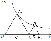 分析 由于△A1OB1等边三角形,作A1C⊥OB1,垂足为C,由等边三角形的性质求出A1C=$\sqrt{3}$OC,设A1的坐标为(m,$\sqrt{3}$m),根据点A1是反比例函数y=$\frac{9\sqrt{3}}{x}$(x>0)的图象上的一点,求出BO的长度;作A2D⊥B1B2,垂足为D.设B1D=a,由于,△A2B1B2为等边三角形,由等边三角形的性质及勾股定理,可用含a的代数式分别表示点A2的横、纵坐标,再代入反比例函数的解析式中,求出a的值,进而得出B2点的坐标.
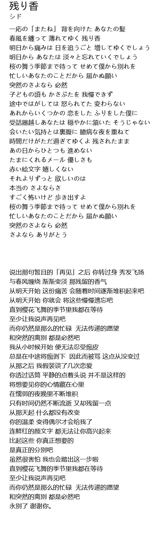 | [00:38.270] | 春風を纏って 薄れてゆく 残り香 |
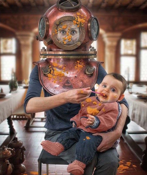 照片中,超级奶爸约翰正给六个月大的小女儿尤娜喂食,画面十分奇幻
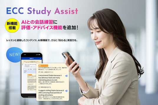 総合教育・生涯学習機関の株式会社ECC(本社:大阪市北区、代表取締役社長:花房雅博)が運営するECC外語学院は、2026年4月1日(水)より「初級~中級英会話コース」に導入しているECCの学習支援アプリ「ECC Study Assist」(以下、本アプリ)に、新機能「AI評価・アドバイス機能」を追加搭載いたします。
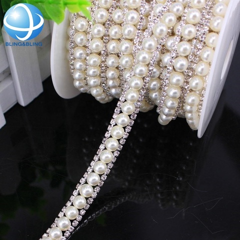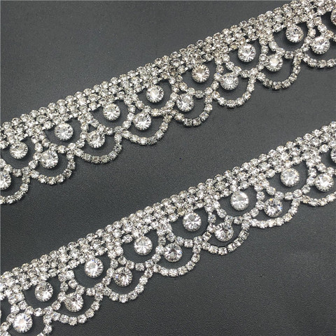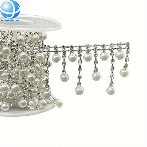 Ingrosso 12mm Catene di perle con perline strass frange taglio Applique catena di cristallo per cucire artigianato fai da te accessori per abiti
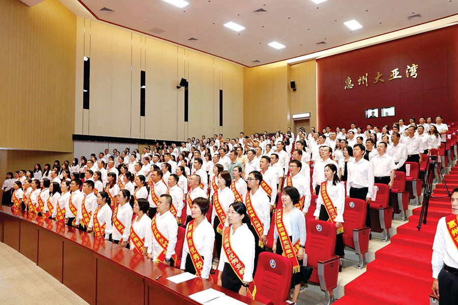 大亞灣開發(fā)區(qū)召開慶祝教師節(jié)大會表彰一批先進(jìn)單位和先進(jìn)個人。 惠州日報記者匡湘鄂 攝
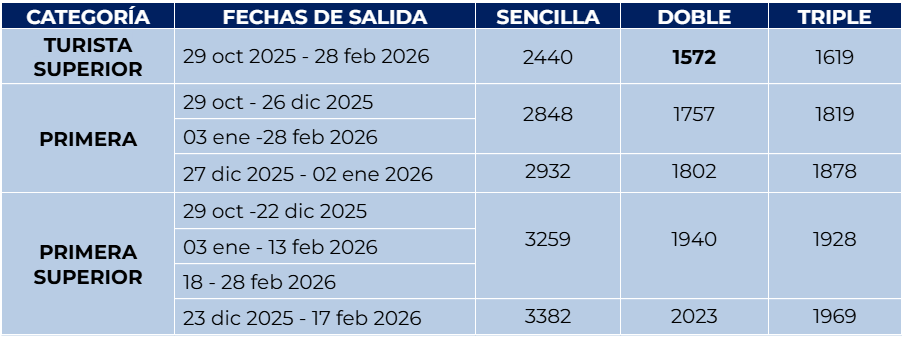 Al finalizar el tour, regresaremos al hotel para descansar después de una jornada inolvidable. Alojamiento.
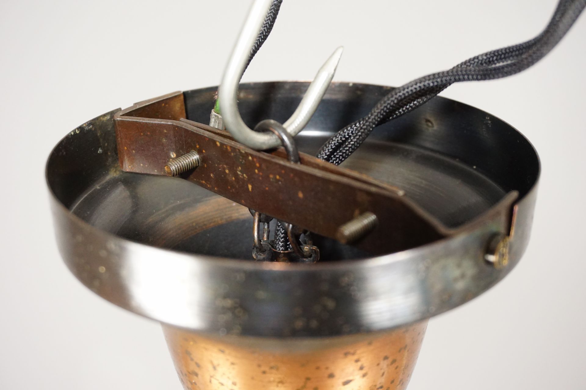 - Original Deckenbaldachin aus verkupfertem Eisenblech inkl. dem oft fehlenden Montagebügel + original Schrauben
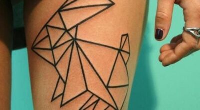 Tatuajes para muslos y piernas. Conejo hecho con formas geométricas en la parte delantera del muslo.
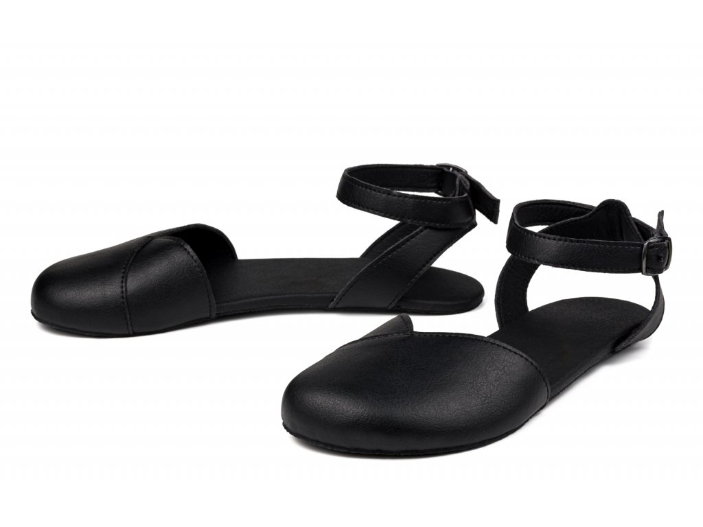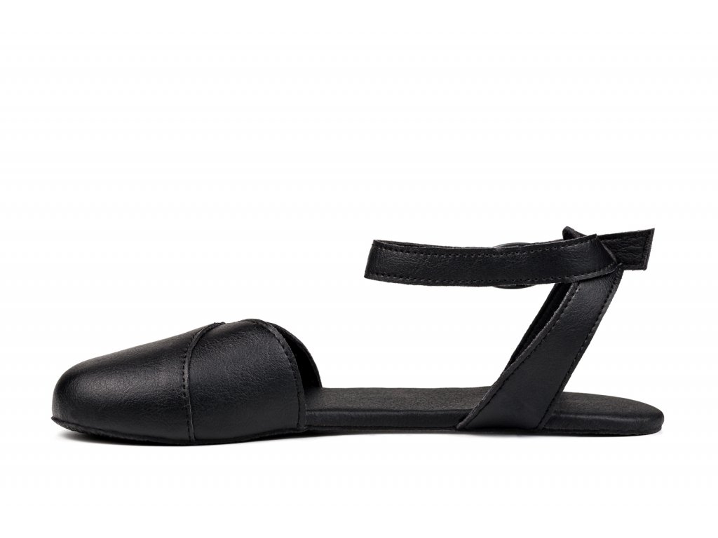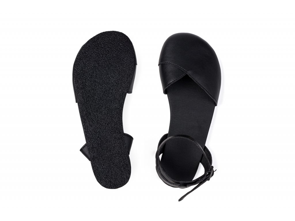 Černá barefootové sandálky s černou podšívkou z luxusní alternativy kůže CF+ (Cruelty free). Tento materiál převyšuje svými vlastnostmi kůži a je od ní k nerozeznání. Jeho výroba není spojena s utrpením zvířat. Je voděodolný, prodyšný a se skvělou odolností proti otěru. Podšívka je černá z prodyšné síťoviny AirNet®. Tloušťka podrážky je 2 mm + 6 mm měkká vrstva
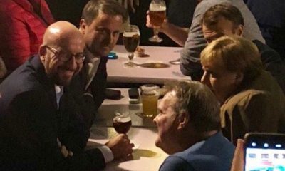 Германската канцеларка Ангела Меркел, францускиот претседател Емануел Макрон, премиерот на Белгија Шарл Мишел и премиерот на Луксембург Гзавије Бетел, се напија пиво во еден бриселски бар,...

────────────────────────────────────────

From the records above, copy exactly the stretch from the line holding "照片中,超级奶爸约翰正给六个月大的小女儿尤娜喂食,画面十分奇幻" through the line holding "- Original Deckenbaldachin", both ends included, without the pictures.

 照片中,超级奶爸约翰正给六个月大的小女儿尤娜喂食,画面十分奇幻
 総合教育・生涯学習機関の株式会社ECC(本社:大阪市北区、代表取締役社長:花房雅博)が運営するECC外語学院は、2026年4月1日(水)より「初級~中級英会話コース」に導入しているECCの学習支援アプリ「ECC Study Assist」(以下、本アプリ)に、新機能「AI評価・アドバイス機能」を追加搭載いたします。
 Ingrosso 12mm Catene di perle con perline strass frange taglio Applique catena di cristallo per cucire artigianato fai da te accessori per abiti
 大亞灣開發(fā)區(qū)召開慶祝教師節(jié)大會表彰一批先進(jìn)單位和先進(jìn)個人。 惠州日報記者匡湘鄂 攝
 Al finalizar el tour, regresaremos al hotel para descansar después de una jornada inolvidable. Alojamiento.
 - Original Deckenbaldachin aus verkupfertem Eisenblech inkl. dem oft fehlenden Montagebügel + original Schrauben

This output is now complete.